— TASK ITEM —
Every line from the one containing "Multifunkční tlačítko Hlavní" to the end of the data below should be copied exactly, but pictures should not.

— DATA SHOWN —
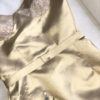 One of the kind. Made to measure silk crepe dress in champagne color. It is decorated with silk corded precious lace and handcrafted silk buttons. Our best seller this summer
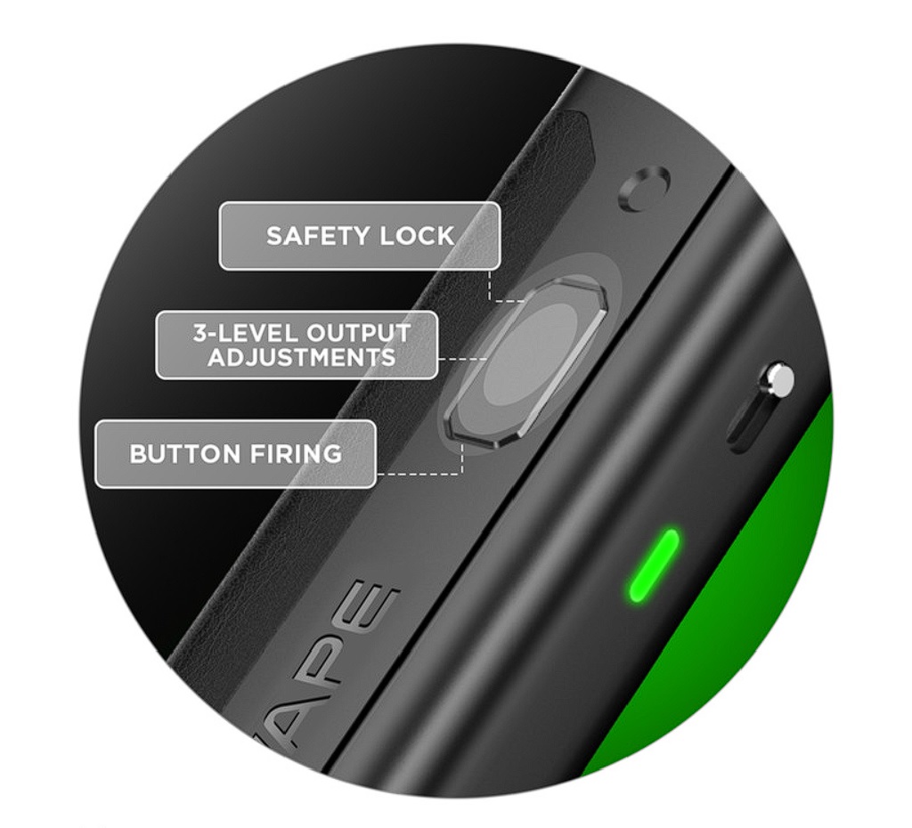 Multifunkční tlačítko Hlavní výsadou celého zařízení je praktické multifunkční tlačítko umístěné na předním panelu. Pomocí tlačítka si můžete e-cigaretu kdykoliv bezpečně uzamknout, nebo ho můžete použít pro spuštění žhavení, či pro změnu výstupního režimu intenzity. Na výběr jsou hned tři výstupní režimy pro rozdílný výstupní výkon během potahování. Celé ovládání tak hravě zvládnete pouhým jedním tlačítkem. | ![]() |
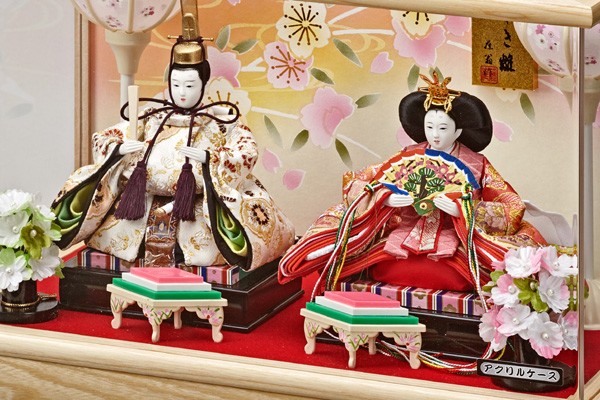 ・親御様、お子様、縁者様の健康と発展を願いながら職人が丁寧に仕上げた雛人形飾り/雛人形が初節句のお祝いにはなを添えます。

— RESPONSE —
 Multifunkční tlačítko Hlavní výsadou celého zařízení je praktické multifunkční tlačítko umístěné na předním panelu. Pomocí tlačítka si můžete e-cigaretu kdykoliv bezpečně uzamknout, nebo ho můžete použít pro spuštění žhavení, či pro změnu výstupního režimu intenzity. Na výběr jsou hned tři výstupní režimy pro rozdílný výstupní výkon během potahování. Celé ovládání tak hravě zvládnete pouhým jedním tlačítkem. | ![]() |
 ・親御様、お子様、縁者様の健康と発展を願いながら職人が丁寧に仕上げた雛人形飾り/雛人形が初節句のお祝いにはなを添えます。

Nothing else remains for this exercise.